◆ Information provided
Segment Open

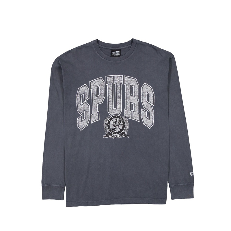 The San Antonio Spurs Oversized Essentials Long Sleeve T-Shirt features a distressed screen-printed Spurs wordmark above a team logo at the front.
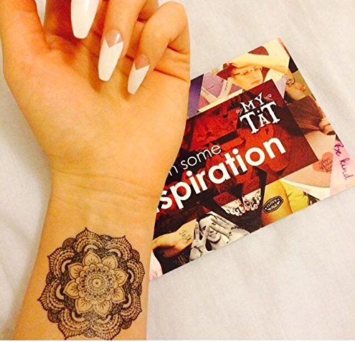 -. Feature : Mandala Flower Tattoo is 2 1/4" x 2 1/4" in size / Set includes 2 temporary tattoos / Will last 1 - 3 days / Easy to apply with water / Remove with any household, skin safe oil
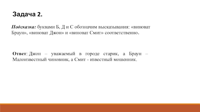Ответ: Джон – уважаемый в городе старик, а Браун – Малоизвестный чиновник, а Смит - известный мошенник.

Segment Closed

◆ Activity
Every line of the material should be repeated precisely; pictures are to be excluded.

◆ Reply to the exercise
 The San Antonio Spurs Oversized Essentials Long Sleeve T-Shirt features a distressed screen-printed Spurs wordmark above a team logo at the front.
 -. Feature : Mandala Flower Tattoo is 2 1/4" x 2 1/4" in size / Set includes 2 temporary tattoos / Will last 1 - 3 days / Easy to apply with water / Remove with any household, skin safe oil
Ответ: Джон – уважаемый в городе старик, а Браун – Малоизвестный чиновник, а Смит - известный мошенник.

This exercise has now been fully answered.